# Problem statement
In the entries that follow, the line with "Week 7: Numerical" opens the range and the line with "Соска - пустышка" closes it; repeat that range exactly, both lines included.

# Given entries
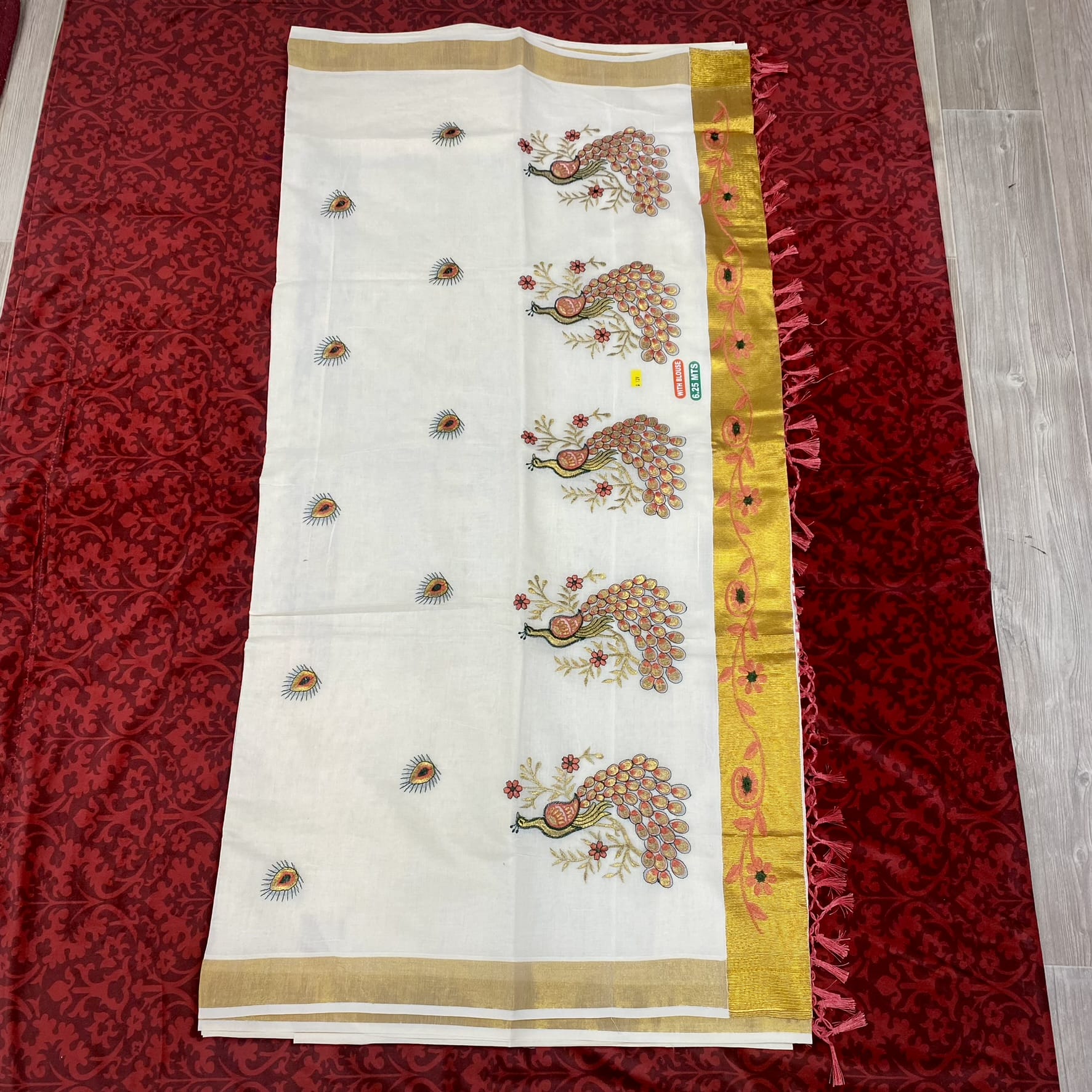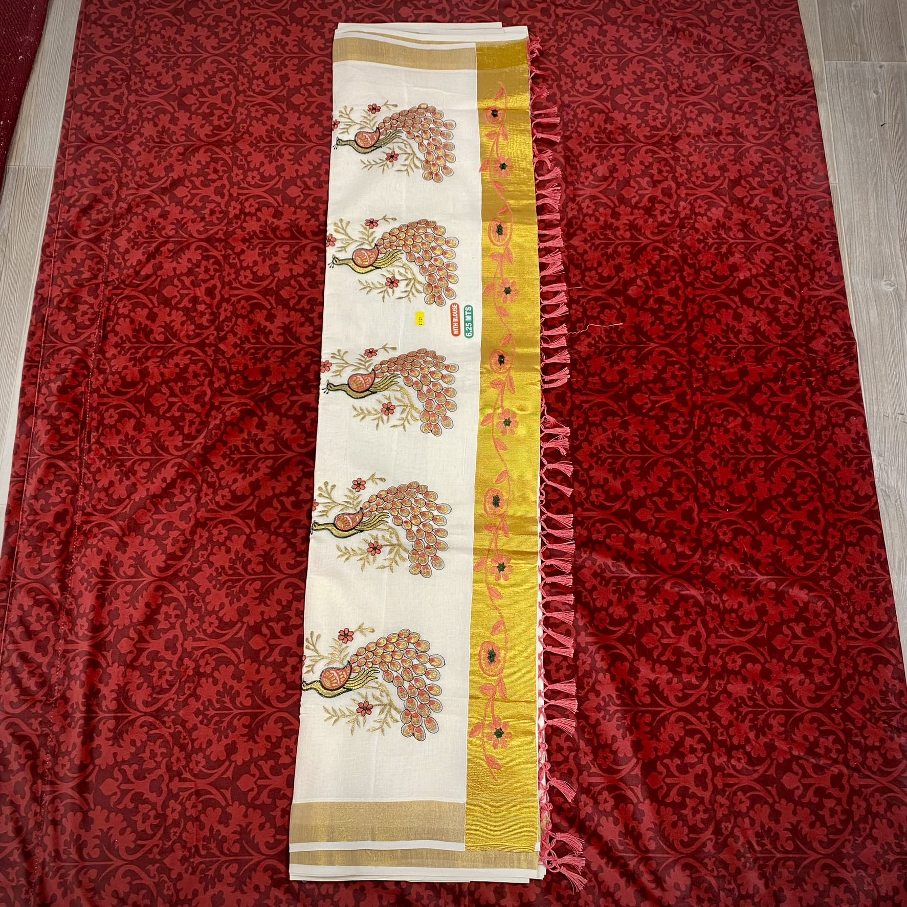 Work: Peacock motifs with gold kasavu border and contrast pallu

==

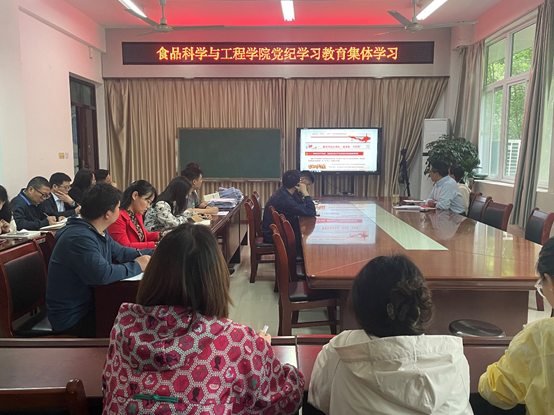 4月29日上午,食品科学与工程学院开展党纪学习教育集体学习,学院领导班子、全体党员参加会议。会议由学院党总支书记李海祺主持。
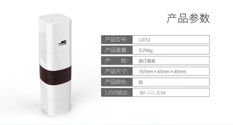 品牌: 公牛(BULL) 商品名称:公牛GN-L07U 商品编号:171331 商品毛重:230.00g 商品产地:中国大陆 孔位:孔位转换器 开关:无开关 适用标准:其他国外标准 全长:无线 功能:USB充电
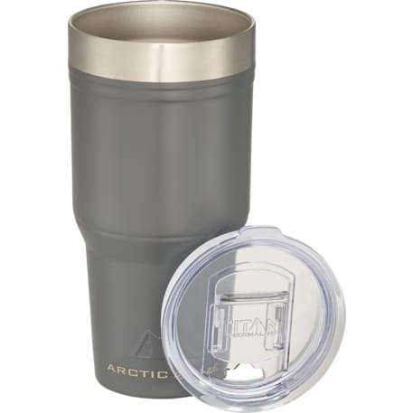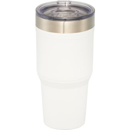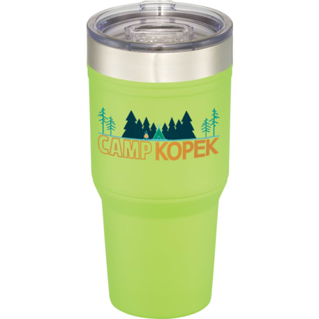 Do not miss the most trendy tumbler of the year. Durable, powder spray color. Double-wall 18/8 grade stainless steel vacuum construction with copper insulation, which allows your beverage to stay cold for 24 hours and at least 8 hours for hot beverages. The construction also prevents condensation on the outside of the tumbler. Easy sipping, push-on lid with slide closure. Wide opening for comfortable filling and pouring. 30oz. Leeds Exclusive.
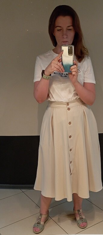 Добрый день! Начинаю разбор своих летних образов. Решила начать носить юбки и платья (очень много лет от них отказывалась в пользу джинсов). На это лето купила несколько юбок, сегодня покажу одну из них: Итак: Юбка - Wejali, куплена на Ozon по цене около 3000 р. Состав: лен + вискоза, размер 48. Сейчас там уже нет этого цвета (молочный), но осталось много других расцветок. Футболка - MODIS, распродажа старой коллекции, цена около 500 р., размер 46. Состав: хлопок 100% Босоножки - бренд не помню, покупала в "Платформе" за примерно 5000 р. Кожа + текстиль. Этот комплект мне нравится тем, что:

==

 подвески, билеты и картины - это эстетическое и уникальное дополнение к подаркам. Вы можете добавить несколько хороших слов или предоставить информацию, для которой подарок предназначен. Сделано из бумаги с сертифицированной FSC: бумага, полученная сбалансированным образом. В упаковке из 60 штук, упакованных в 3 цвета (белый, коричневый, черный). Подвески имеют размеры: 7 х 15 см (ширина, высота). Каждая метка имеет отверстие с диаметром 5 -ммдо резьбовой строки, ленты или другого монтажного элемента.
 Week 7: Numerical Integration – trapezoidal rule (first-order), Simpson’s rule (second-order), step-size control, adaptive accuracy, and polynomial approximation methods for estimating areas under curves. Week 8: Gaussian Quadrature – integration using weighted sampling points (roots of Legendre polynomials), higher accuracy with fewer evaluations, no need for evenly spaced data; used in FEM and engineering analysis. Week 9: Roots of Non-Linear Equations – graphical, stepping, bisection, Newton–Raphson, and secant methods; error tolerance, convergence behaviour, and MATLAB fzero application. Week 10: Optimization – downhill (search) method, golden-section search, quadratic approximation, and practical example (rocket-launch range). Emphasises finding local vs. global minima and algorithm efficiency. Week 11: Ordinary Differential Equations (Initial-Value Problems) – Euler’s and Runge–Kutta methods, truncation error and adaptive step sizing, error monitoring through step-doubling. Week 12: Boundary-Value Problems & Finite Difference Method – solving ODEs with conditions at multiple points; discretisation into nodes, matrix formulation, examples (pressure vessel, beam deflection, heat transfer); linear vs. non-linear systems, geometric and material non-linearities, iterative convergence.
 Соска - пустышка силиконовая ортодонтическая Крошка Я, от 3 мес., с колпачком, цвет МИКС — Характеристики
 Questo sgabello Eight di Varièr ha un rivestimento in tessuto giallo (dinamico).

# Expected output
 Week 7: Numerical Integration – trapezoidal rule (first-order), Simpson’s rule (second-order), step-size control, adaptive accuracy, and polynomial approximation methods for estimating areas under curves. Week 8: Gaussian Quadrature – integration using weighted sampling points (roots of Legendre polynomials), higher accuracy with fewer evaluations, no need for evenly spaced data; used in FEM and engineering analysis. Week 9: Roots of Non-Linear Equations – graphical, stepping, bisection, Newton–Raphson, and secant methods; error tolerance, convergence behaviour, and MATLAB fzero application. Week 10: Optimization – downhill (search) method, golden-section search, quadratic approximation, and practical example (rocket-launch range). Emphasises finding local vs. global minima and algorithm efficiency. Week 11: Ordinary Differential Equations (Initial-Value Problems) – Euler’s and Runge–Kutta methods, truncation error and adaptive step sizing, error monitoring through step-doubling. Week 12: Boundary-Value Problems & Finite Difference Method – solving ODEs with conditions at multiple points; discretisation into nodes, matrix formulation, examples (pressure vessel, beam deflection, heat transfer); linear vs. non-linear systems, geometric and material non-linearities, iterative convergence.
 Соска - пустышка силиконовая ортодонтическая Крошка Я, от 3 мес., с колпачком, цвет МИКС — Характеристики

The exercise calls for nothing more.